1. Help Center
  2. Technical Questions

How can I extract data from lists and their associated details pages? (aka Deep scraping)

A common data scraping use case is to capture a list (e.g. Product names and links on an e-commerce site) and then capture each list item's details from its dedicated page (Product Availability at Store, for example). There are a few ways to do that.

Common Mistake: Doing It All At Once

Use cases like this are challenging at first because people naturally think of it this way: I need a robot that goes to a website that shows a list, clicks on each list item and opens the details, captures the details, goes back to the list, and repeats this for every other list item.

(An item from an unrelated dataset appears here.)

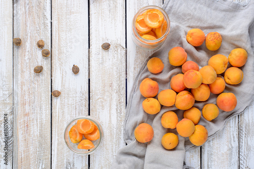 Homemade conserve of apricot pieces in glass jars/Slices of fresh apricot in glass jars and napkin on a wooden table

This workflow might be what a person would typically do; however, there are many issues with it at scale, like the following examples:

  1. What if the list has changed when you go to the details page and come back to the list? Like new items have been added or the order of items has changed. It'd be pretty hard to continue while ensuring you don't miss any data.
  2. What if it's an infinite-scroll type of list (like a Twitter feed), and if you click on an item and then go back, it will reset to the top of the list, and you have to scroll for a while to get to where you were on the list?
  3. What if it's a long list (like 10,000 items), and you click on the list items too fast, and the site assumes you're trying to take down their server with a DDoS attack and blocks you in the middle of your workflow?

We intentionally did not provide a way during the recording experience to automate a workflow like this due to these issues.

A Better Solution: Use Two Separate Robots

If each list item has a link, which is usually the case, you can avoid all these issues by taking a different 2-step approach:

Step 1: Extract links to all list items using Robot A

First, you can collect a list of links to all detail pages. You just need to build a Robot like "Extract product links from walmart.com" (let's call it Robot A) that extracts all product links. Then you can download the list of links as a CSV on your Browse AI dashboard.

Step 2: Extract item details from all links in step 1 using Robot B

Build a data extraction Robot like "Extract a single product's details on walmart.com" on an item's details page (we'll call it Robot B).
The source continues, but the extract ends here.